Jade McDuffie // The Post and Courier

To Ray Green, from Johns Island, the only thing he would worry about if a natural disaster strikes is his life. Everything else is replaceable, he said.

The dark clouds have rolled in, the wind is picking up and the sirens are sounding.

Could you decide in 10 minutes or less what your most valuable possessions are? Most important, is everyone in your family accounted for?

This has been the reality for many people in the South and Midwest who have been the victim of recent violent storms.

Many people have time to save only one possession in a sudden natural disaster: their life.

"I don't put that much value on things, only my life. Life is not replaceable," Johns Island resident Ray Green said.

When asked what possessions they would save, some across the Lowcountry said family and pets are all that matter.

Dennis Price, a contractor from Georgetown, said the first things he would worry about are "my wife and my pet. The rest I don't really care about. I've been down to Katrina and Ike and I've seen a lot of people lose things."

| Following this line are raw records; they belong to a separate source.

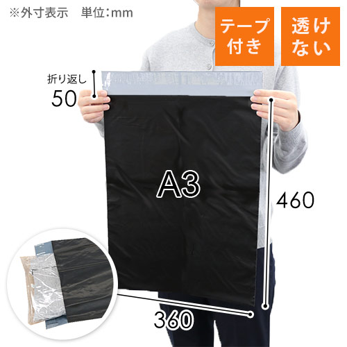 水に強いポリエチレンを使用したA3サイズの宅配ビニール袋。直輸入のため安価でお買い求めいただけます。中身が透けない仕様です。
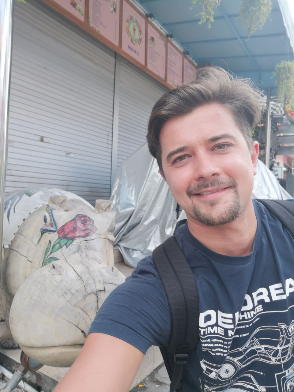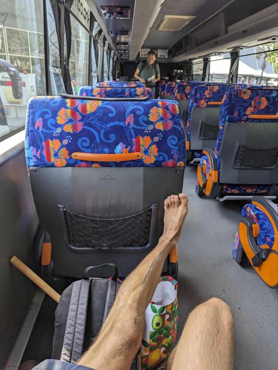 So sah ich die ganze Zeit aus. Rucksack auf dem Bike und auf der Brust und Tüte zwischen den Beinen 🙈
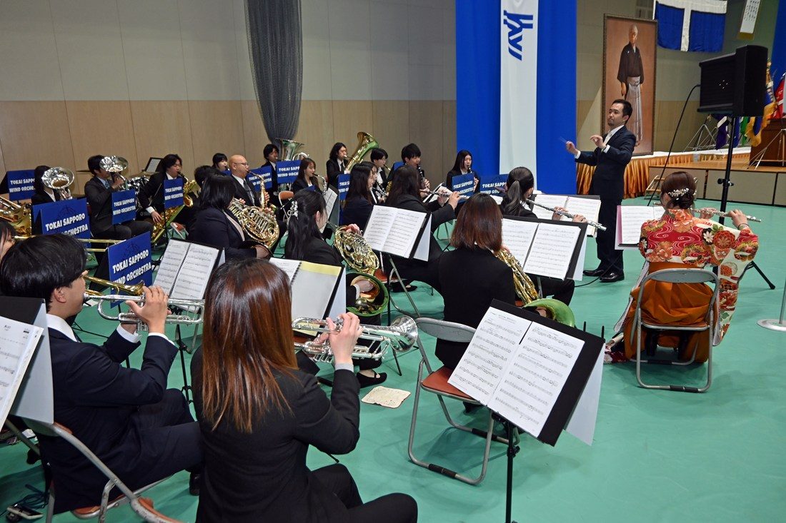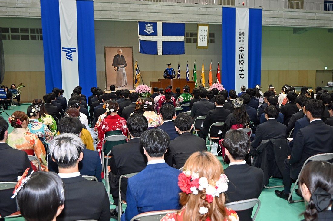 また、来賓を代表して東海大学同窓会北海道ブロックの本間雅実会長が祝辞を述べ、「卒業生の皆さんは新型コロナ禍が残る中、喜びや達成感を味わい、苦労や挫折を乗り越え、卒業を迎えられました。一昨年に亡くなられた松前達郎前総長は、常日頃から“社会での卒業生の活躍が学園の活力になる”とおっしゃられていました。全国の東海大学卒業生と絆でつながっている皆さんには無限の可能性があります。夢に向かって元気に羽ばたいてください」励ましました。校歌の斉唱に続き、平木隆之副学長(札幌キャンパス担当)が閉式の辞として、「本学で培った知識や経験と育んだ仲間との友情が、皆さんがこれから予期せぬ困難を乗り越え、夢や希望を叶えるための原動力になります。本学の教職員一同、皆さんの輝かしい未来を願っております」と語りました。
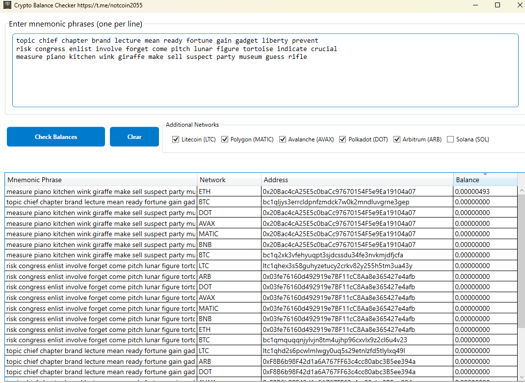 Fast and reliable tool for checking crypto balances across multiple networks. Supports BTC, ETH, BNB, LTC, SOL, MATIC, AVAX, DOT, and ARB.
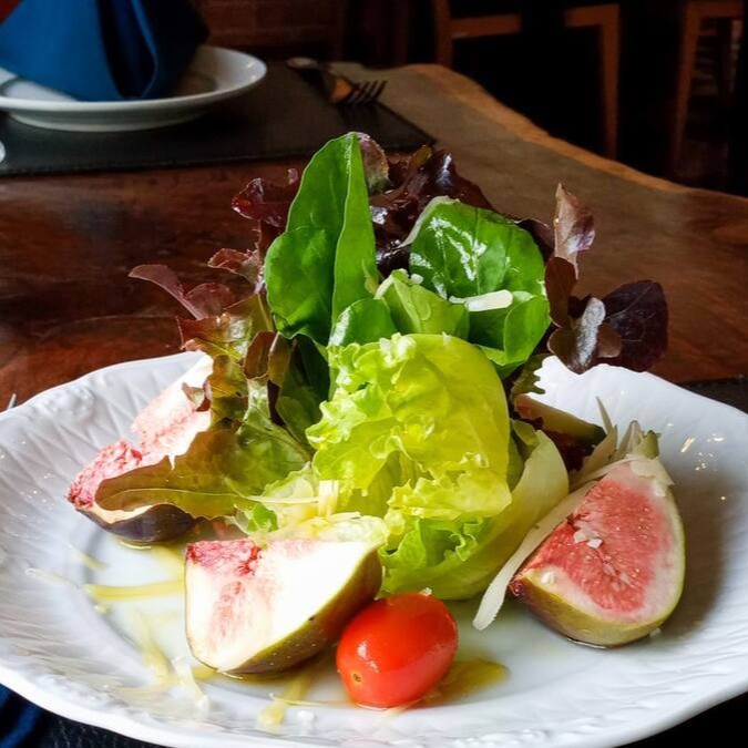Salada de figos frescos, folhas, amêndoas laminadas e lascas de parmesão.
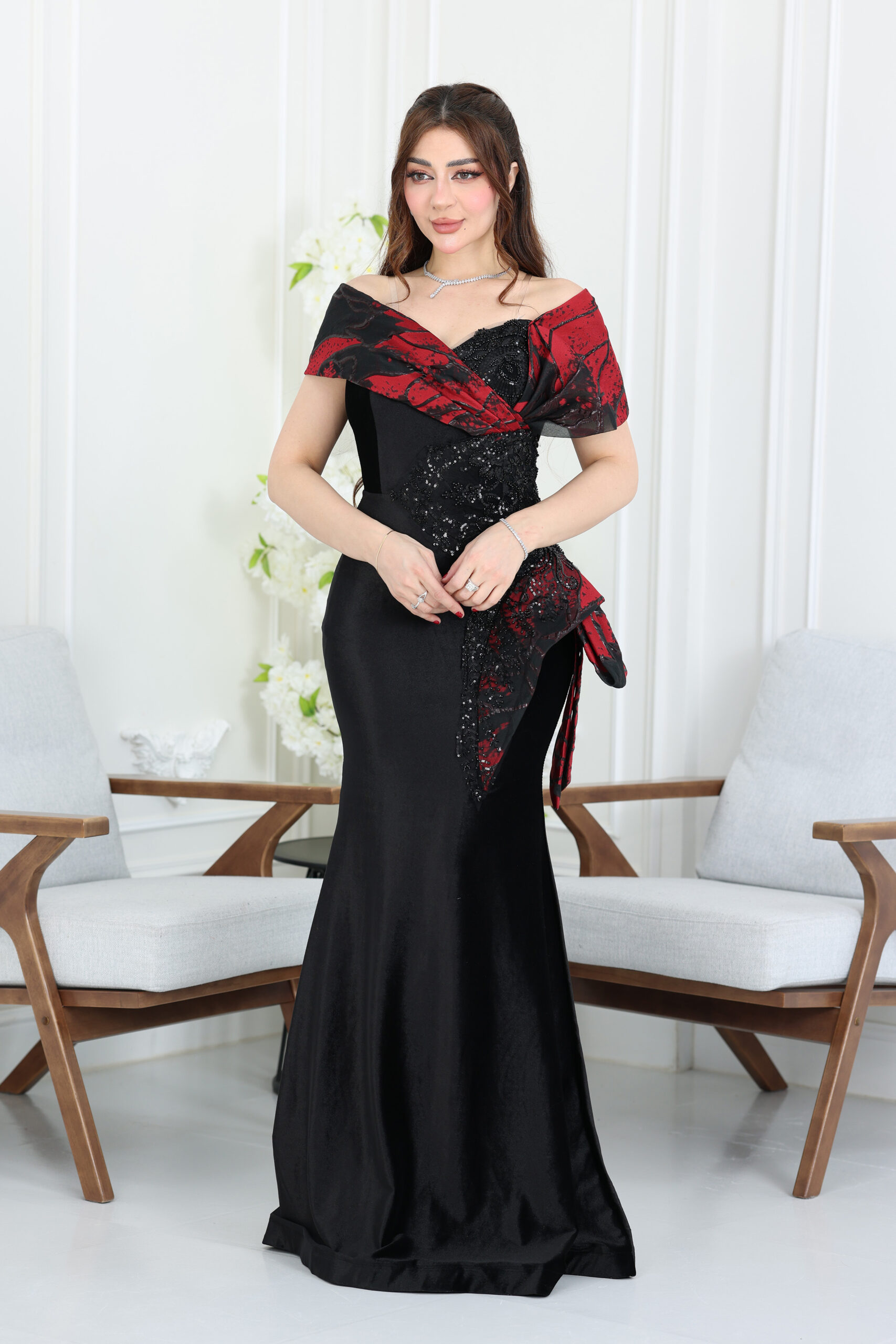 فستان مخمل ملكي طويل بتصميم يتميز بـ قصة أنيقة اللي تبرز جمال القوام وتمنحك إطلالة آسرة ومختلفة.  تزيد من الأنوثة والرقي. الجزء العلوي مُزين بالكامل وتطريز متقن، يخلي الفستان يبرق في الإضاءة. أجمل ما في التصميم هو الوشاح الجانبي الأنيق اللي يتدلى من الخصر، وهاللمسة العصرية تزيد من الجاذبية وتمنح الفستان فخامة إضافية. الفستان طويل وبخامة ناعمة ومريحة في اللبس.هذا الموديل الأنيق من المصمم الحديث يضمن لكِ تميزاً وإطلالة ملكية لا تُنسى. لا تترددي في طلب هذا الفستان المخصر قبل نفاذ الكمية
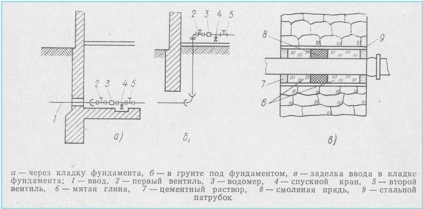 Рис. 9 Схема прокладки ввода трубы в здание
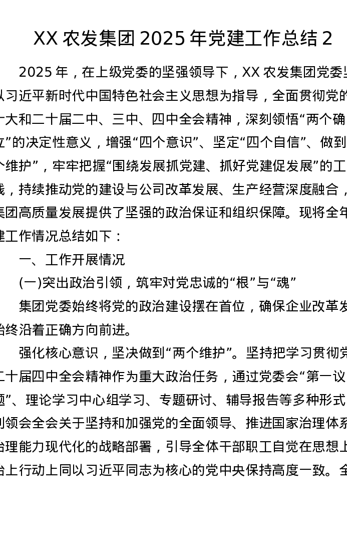 XX农发集团2025年党建工作总结2
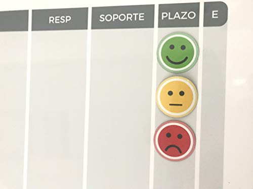 Smiley magnete rotondo. Confezione da 25 (10 verdi, 10 rossi e 5 gialli) Magnetico (5 cm)

Other Lowcountry residents, like rising second-year MUSC student Lindsey Johnson, said they worry about family being able to find them.

"I would be worried about my cell phone and my camera so I could communicate with everyone," Johnson said.

If you can get to a computer after a disaster, the Red Cross has a place on its website where people can post their whereabouts so family members will not have to worry.

Mary Bos, a five-year Lowcountry Red Cross volunteer, and Barbara Melton, a 13-year volunteer, also have seen firsthand the damage natural disasters can cause. When it comes to possessions, they agree that different people value different things.

People across the Lowcountry said that family photos and heirlooms are next after family and pets.

"The things that were important to them were not so much material things, but things that were irreplaceable," said Melton, a Summerville resident.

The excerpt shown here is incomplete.